Boston-based insurance company Liberty Mutual is doubling its marketing spend this year to back a raft of Web-based films that carry its "do the right thing" theme to a Web movie effort, The Responsibility Project, at responsibilityproject.com.

The project involves films about people faced with ethical choices. The company has also launched a new raft of TV ads that evolve the responsibility theme it launched in 2006. Hill Holliday, Boston handles.

Speaking at Thursday's Association of National Advertisers' conference in New York, Stephen Sullivan, SVP/communications for Liberty Mutual Group and chairman of ANA's Board of Directors, said that programs like The Responsibility Project reflect the maturity of the Web.

"As online platforms mature and as peoples' media behavior begins to be established, innovative ideas like Responsibility Project may not need network TV unless it can prove value or delivers an audience and works with advertisers," Sullivan said.

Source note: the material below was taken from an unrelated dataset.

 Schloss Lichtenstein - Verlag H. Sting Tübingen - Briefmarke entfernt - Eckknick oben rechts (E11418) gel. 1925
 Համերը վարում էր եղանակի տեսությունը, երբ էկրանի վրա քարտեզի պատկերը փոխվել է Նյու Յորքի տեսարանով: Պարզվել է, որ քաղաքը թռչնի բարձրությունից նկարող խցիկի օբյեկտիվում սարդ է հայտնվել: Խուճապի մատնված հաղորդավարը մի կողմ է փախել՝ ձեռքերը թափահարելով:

The new campaign includes a number of ads, each of which is a vignette following one person "doing the right thing." That's a departure from earlier ads, which have had a "pay it forward" aesthetic, with different people acting altruistically in chain-reaction fashion. Sullivan said the ads will also live online.

"We made a major financial commitment to produce 20 original films this year that will be put on our Web site and will be published in a way that will be very easy to share. People will click and drag and put them in e-mails," he said.

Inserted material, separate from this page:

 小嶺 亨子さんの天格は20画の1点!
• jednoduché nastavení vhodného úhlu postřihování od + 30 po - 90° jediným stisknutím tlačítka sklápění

He added that the company is not a big player in the segment in terms of media spend, but the company will double media spend this year. "The insurance category is the most competitive ad category and has grown by double digits," he said. "Our competitors have raised the bar and so have we. But, while we have doubled overall spend, we have also doubled online spend."

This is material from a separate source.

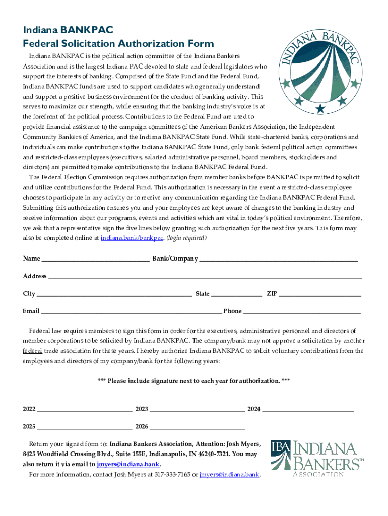 Get the free PDF Indiana BANKPAC Federal Solicitation Authorization Form

Sullivan pointed out that the company's target--buyers of car and homeowner's insurance--gives Liberty Mutual a narrow aim. "We want to address large numbers of people and establish an emotional connection with them, but we don't have a huge disparity in demographics."

The company is continuing its activity on PBS this year with sponsorship of "The American Experience," "Antique Road Show," and a new program called "From the Top," about kids who are classical musicians. "The PBS audience is a good one for us," he said.

Sullivan describes today's media landscape as a three-dimensional mosaic.

"It used to be you would do your media plan with three broad paintbrushes (covering the three major networks at the time)," he said. "Today, you have all these little pieces of ceramic and glass that have to be evaluated and put together in a picture that is very unlike the broad brush we used 20 yeas ago. PBS, for example, is one of the pieces."